Every person has their favorite brand and ecosystem and random gizmo and gadget that they feel help make their particular journey easier and way less stressful. Here's what we -- ZDNet's Jason Cipriani and Jason Perlow -- bring when we travel. Keep in mind we're freelance writers, so our list of gear is mostly tailored to our work lives.

Also: Weird gadgets that are actually really useful

Check out the video above, or read the transcript below. If you don't have time to watch or read right now, then skip to this bulleted list of every item we mentioned:

Best travel tech to stuff in your bag

Jason Cipriani: So, both Jason and I travel quite a bit for work. I don't travel near as much as I did in the past, but still, hitting the road is part of the job. And today we're going to talk about what technology, what gadgets we take along with us while we're on the road to kind of make our lives easier. I'm Jason Cipriani. This is Jason Squared, and we're talking Travel Tech. Jason, what's one of your favorite things that you take on the road with you?

Jason Perlow: I don't have a favorite, but there are some certain things that are essential if you're going on the road, especially with all the gadgets that we carry nowadays. Obviously, my current employer issued me a MacBook Pro, and you know, of course, it's the 2018 model and that thing charges with USB-C. So USB-C is kind of now like my basis of like standard for everything that I like to carry just because of the complexity. You don't want 15 different types of cables to carry with you.
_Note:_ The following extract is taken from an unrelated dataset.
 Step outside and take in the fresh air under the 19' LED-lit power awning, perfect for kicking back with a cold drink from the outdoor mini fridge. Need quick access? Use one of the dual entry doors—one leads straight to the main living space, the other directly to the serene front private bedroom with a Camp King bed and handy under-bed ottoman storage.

Jason Cipriani: Yeah, absolutely.


Anker cables (in various colors)

Jason Perlow: Yeah. So, I mean, now of course, obviously, I'm an iPhone user and an Android user, so I carry straight through USB charging cables. The one that you know that's certified to work on a hundred-watt Apple Direct USB-C, the USB-C cable, a Lightning cable, whatchamacallit, a Thunderbolt cable, will work with Android phones. It'll just step itself down. But of course with the iPhones, it's a little bit more complicated because you have to have USB-C to Lightning, right? [Crosstalk 00: 01: 23]. It's insanity. So now you've got at least two cables, but now, of course, if you've got an accessory that's older that uses USB micro, you've got to have one of those. So you're going to carry a couple of different cables anyway. I happen to like to go with Anker brand just because I think they have a really good quality cable. The Power Line 2, it's got extra reinforcement on the connections, on where the bend area is.
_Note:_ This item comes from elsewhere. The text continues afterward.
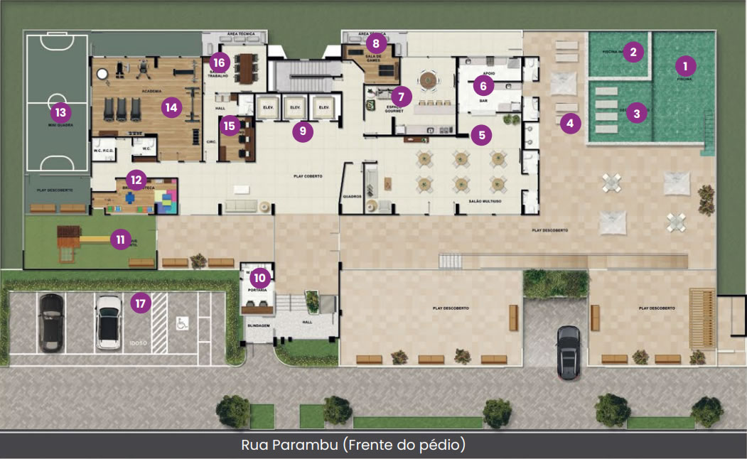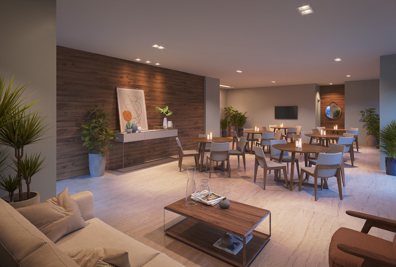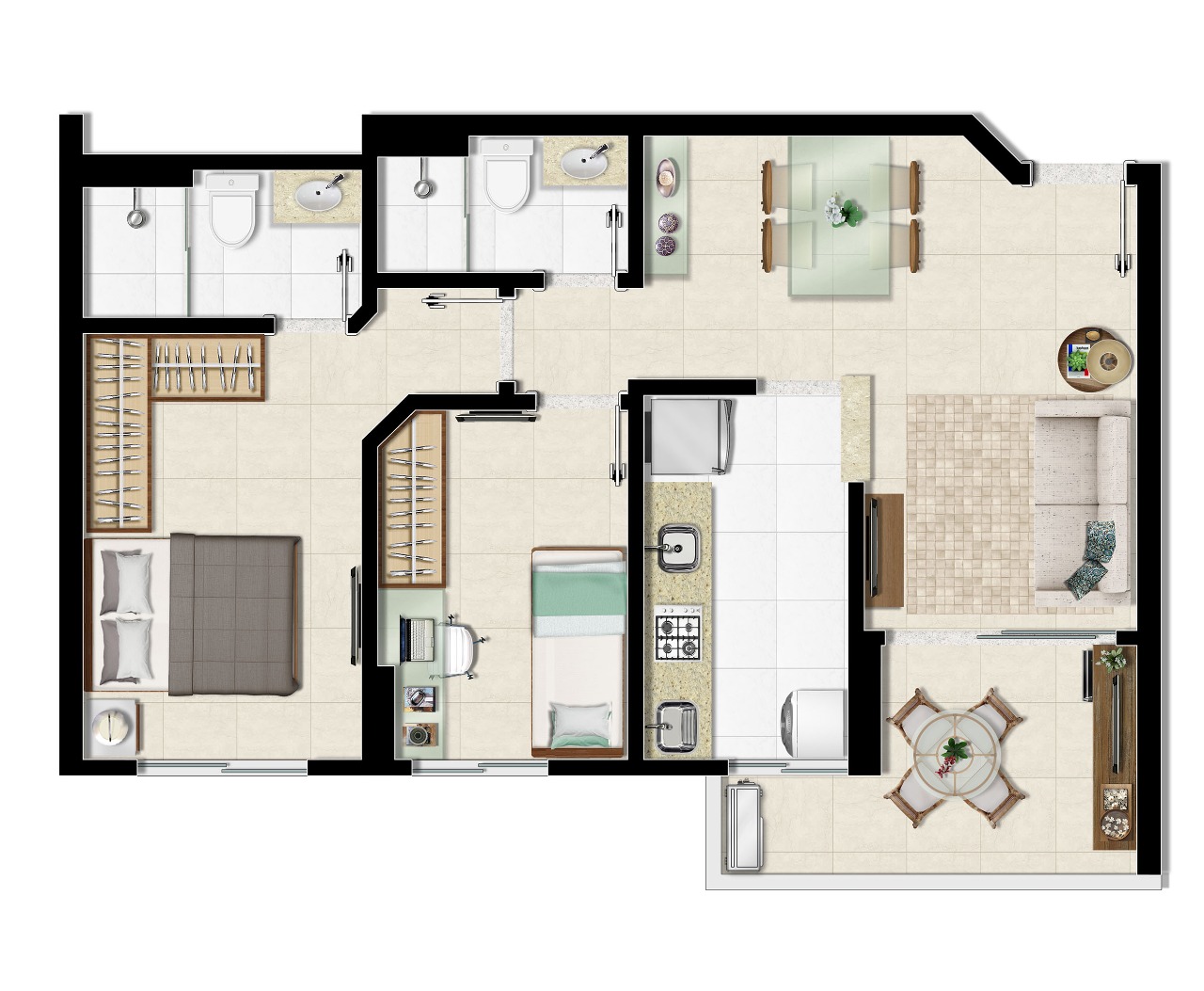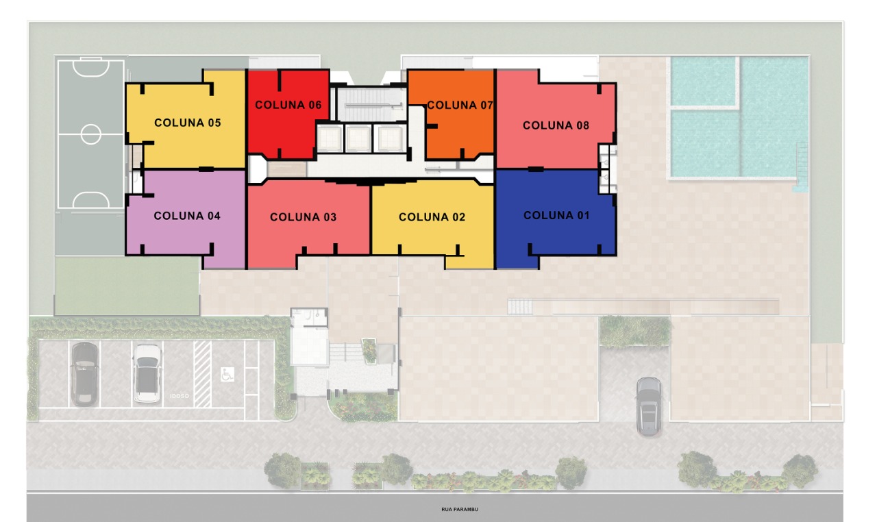 - Tipo 01 (colunas 01, 04, 05 e 08): 2/4 com suíte, closet e lavabo em 61m2 de área privativa;

And they come in a couple of different colors, which is what I like. So you don't want to have like four different white cables in your bag because when you're trying to figure out which one is which, and so I usually keep a yellow and a red and a white and a black and at least, orange or green, whatever I have, and I know that that particular color is associated with that kind of a connection and makes easy to spot inside the bag. And they're about 12, $13 apiece. Got to have your cables, right? Now, of course, I wish there was only one kind of cable. I wish we just had USB-C to USB-C. That would make life a lot easier, but that's what we got to deal with right this point.


Mophie Powerstation XXL

Jason Cipriani: That's a good point. I used to have these little magnetic color wraps that went around my cables, but those things would come off in my bag, and it would make a mess. I actually, because we receive so many gadgets and phones and other stuff for a review, I just kind of borrow cables from the boxes from that. But getting color-coded cables, actually, I think that's a pretty good life hack right there. So I also carry with me a portable battery. That's kind of like the staple of what goes into my-

Jason Perlow: Got to have a battery.

Jason Cipriani: And right now, what's in my bag is Mophie Power Station XXL. It's their newest portable-

Jason Perlow: Great product, little pricey for the money, but very high-quality product, very reliable product, I've found.
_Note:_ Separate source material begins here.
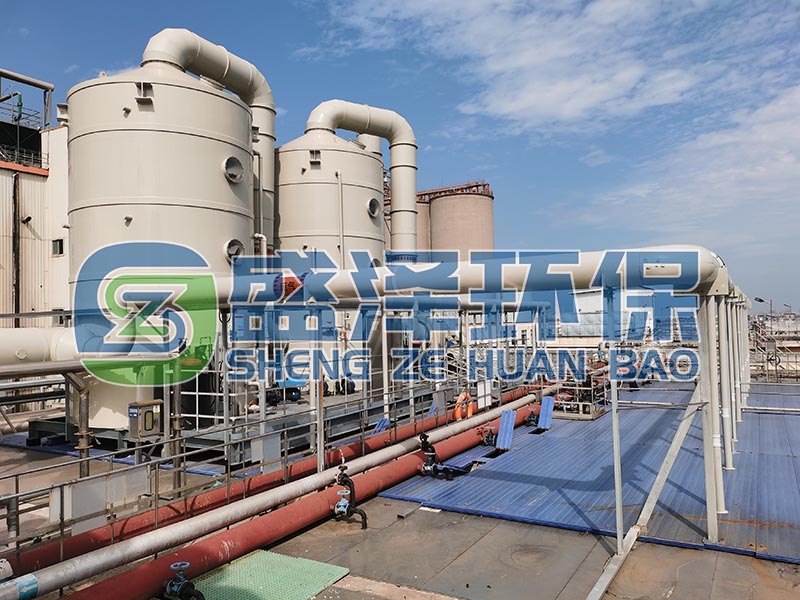 噴淋塔主體材質為PP,堿洗塔內置有填料(PP),氣液接觸比表面積大。循環液通過噴淋,均勻分布至填料層,充分和廢氣接觸,優化氣液比。洗噴淋最上端噴淋組件的上部設有除霧器,廢氣穿過循環液噴淋層后,再連續流經除霧器(PP絲網)時,除去廢氣中所含液滴。堿噴淋塔設有二級噴淋,增加處理效果。

Jason Cipriani: It's $70. It has a nice fabric finish to it that I like. I actually test and review battery packs and put them through a whole gamut with gadgets hooked up to them to see how, their kilowatt, or not kilowatt-hours, though that'd be a strong battery pack. Their milliamp hours and how everything stacks up and it's actually one of the most efficient packs I've ever tested. So $70, you're getting your bang for your buck because you're getting all of the juice out of it that you can possibly get, depending on the situation. It has the USB-C port with power delivery, I believe and has a couple of USB ports. It's well-rounded. It's very portable, it's well designed and that being able to charge while I'm on the go, whether it's on the plane or riding in a taxi to the hotel after I've been on the plane is key to me. And yeah. So portable battery pack.

Jason Cipriani: What do you do for power though, Jason? Once you get to the hotel?

Jason Perlow: Well, here's the thing. So the more modern hotels will have USB-A ports built into some of the desks and some of the light lamps, but they're not high output. They're not like 10-watt ports. They're older, two-watt ports. If you're low on juice and then you need to go to the hotel and change, and you need to juice up, those are not the best possible use. They're not bad for overnight usage, but they take a long time. And they generally don't work great with iPads and things like that that use 10- or 15-watt power draws. It'll take you, your device will draw faster than you can charge with those ports.


Multi-port power brick

Jason Perlow: So I happen to like, you're going to want at least one good multi-port power brick, right? So again, Anker, Ravpower, SETechy, there's a couple of good ones on Amazon. Generally, you want something that's in the 45- to 70- or 100-watt range with like, I would say, three or four USB-A 10 watt ports. You can also get the quick charts 3O ports and those USBs. But now you got ones with the USB-PD ports as well. I'd like, there's like one or two in the market that have multiple USB-PDs. Typically I like the blocks that had their own little charging cord at the end because then you can go into an AC receptacle that's tight and then string the power cord out and then put the block on the desk and then put everything you want.


Gallium nitride chargers

Jason Perlow: Those are good to have for the hotel room or for your office desk or wherever you're going. But for, on the go, if you don't know where you're going to be, I happen to like the small gallium nitride chargers that are in the 30- to 45-watt range that Anker RavPower make. They've got like five or six different models. Now, some with single USB-PD outputs, some with multiple USB-PD or a USB-PD and a USB-A. Those are good because they're flat, they're low profile. They fit very, very well in the bag. If you've got one of these small bags like I do with this one of these Timbuk2s. It fits really nice in one of the small pockets. It doesn't take up a lot of space.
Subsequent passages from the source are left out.